INPUT DATA:
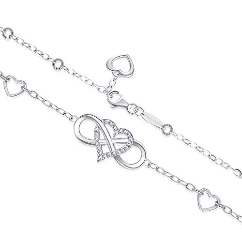 ESSIE ODILA Bracciale Donna Oro Blanco Placcato Argento 925 Rosario Braccialetti Ragazze Cuori Incisione Charm Regali di per Le Donne
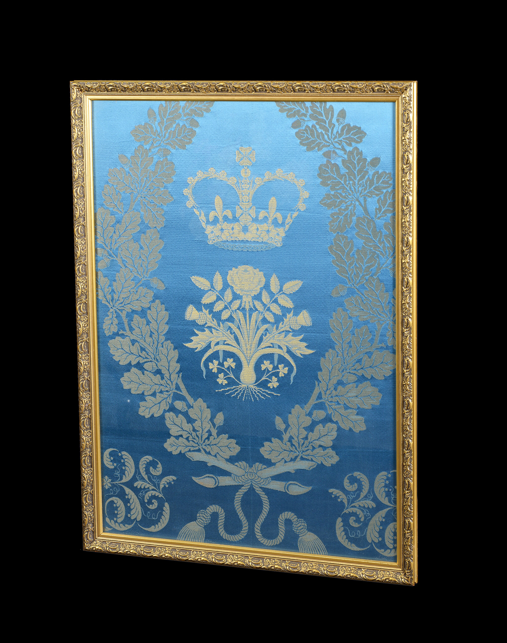 Woven in the ‘Queensway’ pattern in blue, with gold lurex thread, it features a gold woven crown above a rose, a thistle, a leek and a shamrock emblem within an oak leaf wreath on a pale blue ground.
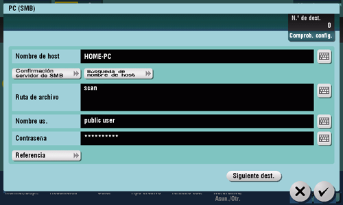 En el panel táctil, busque el ordenador al que desea enviar un archivo y seleccione una carpeta compartida de destino. Cuando aparezca la pantalla de autenticación, introduzca el nombre y la contraseña de un usuario que tenga privilegios de acceso a la carpeta seleccionada. Después de la autenticación, se introduce automáticamente el [Nombre de host] o la [Ruta de archivo]. La función Referencia puede fallar en las siguientes condiciones.

DIRECTIONS: Each line above is to be copied exactly, and the pictures are to be dropped.

TASK ANSWER:
 ESSIE ODILA Bracciale Donna Oro Blanco Placcato Argento 925 Rosario Braccialetti Ragazze Cuori Incisione Charm Regali di per Le Donne
 Woven in the ‘Queensway’ pattern in blue, with gold lurex thread, it features a gold woven crown above a rose, a thistle, a leek and a shamrock emblem within an oak leaf wreath on a pale blue ground.
 En el panel táctil, busque el ordenador al que desea enviar un archivo y seleccione una carpeta compartida de destino. Cuando aparezca la pantalla de autenticación, introduzca el nombre y la contraseña de un usuario que tenga privilegios de acceso a la carpeta seleccionada. Después de la autenticación, se introduce automáticamente el [Nombre de host] o la [Ruta de archivo]. La función Referencia puede fallar en las siguientes condiciones.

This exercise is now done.